In an interview with IMF advisor Robert Shapiro, the bailout expert has pretty much said what, once again, is on everyone's mind: "If they can not address [the financial crisis] in a credible way I believe within perhaps 2 to 3 weeks we will have a meltdown in sovereign debt which will produce a meltdown across the European banking system. We are not just talking about a relatively small Belgian bank, we are talking about the largest banks in the world, the largest banks in Germany, the largest banks in France, that will spread to the United Kingdom, it will spread everywhere because the global financial system is so interconnected. All those banks are counterparties to every significant bank in the United States, and in Britain, and in Japan, and around the world. This would be a crisis that would be in my view more serrious than the crisis in 2008.... What we don't know the state of credit default swaps held by banks against sovereign debt and against European banks, nor do we know the state of CDS held by British banks, nor are we certain of how certain the exposure of British banks is to the Ireland sovereign debt problems."
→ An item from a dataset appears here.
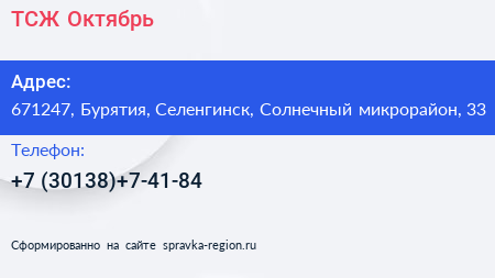 ТСЖ Октябрь по адресу 671247, Бурятия, Селенгинск, Солнечный микрорайон, 33 в дальнейшем Организация, размещена в следующих категориях: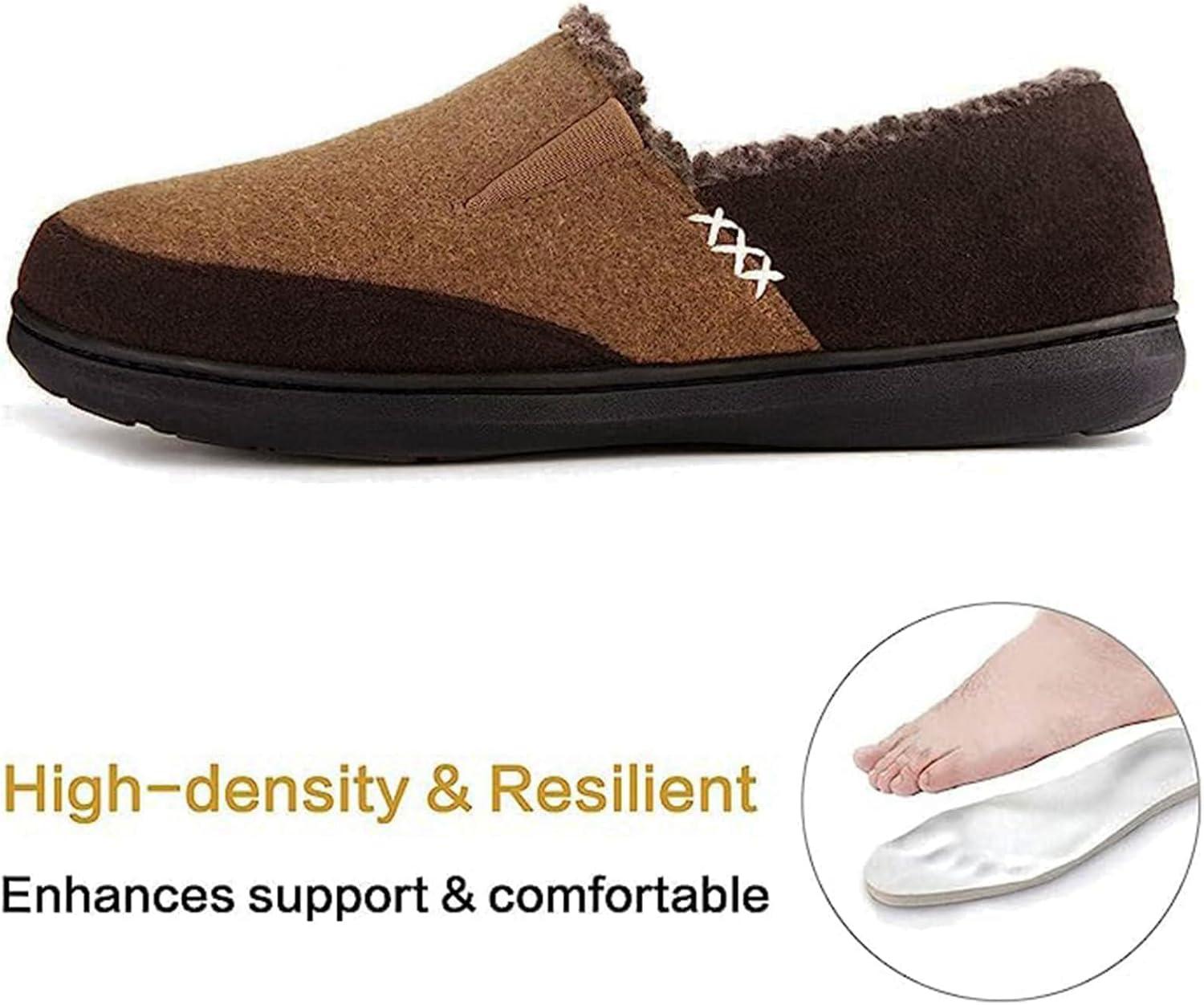 Zigzagger Men’s Comfy Wool Slippers Indoor Outdoor House Shoes, Warm Soft Fur Fuzzy Fleece Lined Memory Foam Sole with Suede Upper(Coffee)

One of my twitter followers asks: "on scale of 1 to 10 (10=buy ammo, stockpile water; 1=go buy a Birkin Bag on credit),how serious is Greek default situation?"
The Great Depression was composed of two separate panics. As you can see from contemporary accounts--and I highly recommend that anyone who is interested in the Great Depression read the archives of that blog along with Benjamin Roth's diary of the Great Depression--in 1930 people thought they'd seen the worst of things.
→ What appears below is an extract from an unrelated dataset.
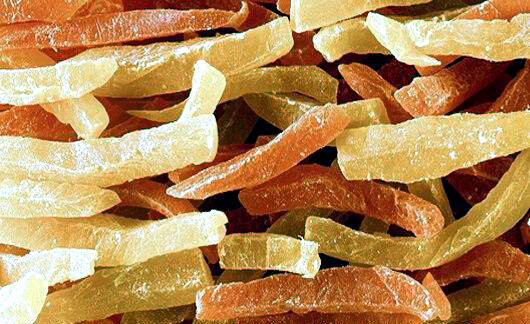 После того, как вы скушаете арбуз, не спешите выбрасывать арбузные корки. Соберите их в мешочек для последующего приготовления из них цукатов. Что нам понадобиться: Арбузные корки; Сахар 2 стакана; Лимонная кислота; Сахарная пудра или кукурузный крахмал; Пергамент для выпечки. Начинаем готовить Обрезаем собранные арбузные корки. Срезаем все красное и зеленое. После чего режем не слишком тонкой соломкой. Заливаем два стакана сахара 350 – 400 мл воды, добавляем лимонку по вкусу и ставим на огонь. Как только растворился сахар, сыпем в сироп нарезанные корки и доводим до кипения. Отключаем и даем остыть нашему вареву. Повторяем кипячение и охлаждение около 4 – 5 раз. После второго раза корки должны уже стать прозрачнее. После того, как завершили наши процедуры, сливаем сироп, а корки выкладываем на пергамент для выпечки. Выкладывайте тщательно. Каждая из долек не должна соприкасаться с соседкой. Ставим это все на медленный огонь и выпекаем до тех пор, пока они не станут похожи на сушеные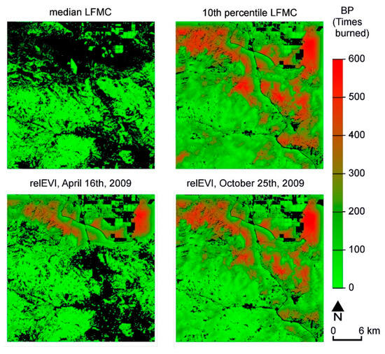 The LFMC products from Figure 2 caused differences in the fire simulations performed on WFA (Figure 2, Figure 3 and Figure 4). All input variables in the simulations were the same except the herbaceous and woody LFMC layers. Despite this, the differences in fire behavior (both ROS and FL; Figure 2), average burned area per fire (Figure 3) and BP (Figure 4) were significant and increased with the time since ignition. Results based on 16th of April and 25th of October LFMC fell in between the minimum value of the tenth percentile and the maximum of the median LFMC (Figure 3). We observed spatial differences in terms of ROS and FL among the LFMC products (Figure 1). For instance, the ROS for 16th of April was higher in the northern part of the study area than in the southern part, whereas this pattern was the inverse for other scenarios such as 25th of October, suggesting the importance of considering the spatial variability of LFMC in operational environments. These results are consistent with the BP outputs (Figure 4), given that the areas with higher BP values also had higher ROS. BP maps derived using the tenth percentile and relEVI for the 25th of October, showed similar spatial distribution (Figure 4), although higher BP values where obtained for the former which resulted in an average difference in burned area greater than 30 ha 8 h after ignition (21% and 36% higher than the burned area for the relEVI 25th of October and 16th of April, respectively). Differences in the spatial distribution in BP maps were more evident when comparing the relEVI maps for 16th of April to the constant median LFMC value.

Unfortunately, the economic conditions created by the first panic were now eating away at the foundations of financial institutions and governments, notably the failure of Creditanstalt in Austria. The Austrian government, mired in its own problems, couldn't forestall bankruptcy; though the bank was ultimately bought by a Norwegian bank, the contagion had already spread. To Germany. Which was one of the reasons that the Nazis came to power. It's also, ultimately, one of the reasons that we had our second banking crisis, which pushed America to the bottom of the Great Depression, and brought FDR to power here.
To paraphrase Oscar Levant, there is always a fine line between a banking panic, and a sovereign debt crisis--and Europe has erased that line. Which is ultimately what happened with Creditanstalt. Austria's inability to backstop the bank's losses turned into a continent-wide problem for both banks and sovereigns, particularly in Germany, which was of course laboring under ludicrously unpayable debts from WWI.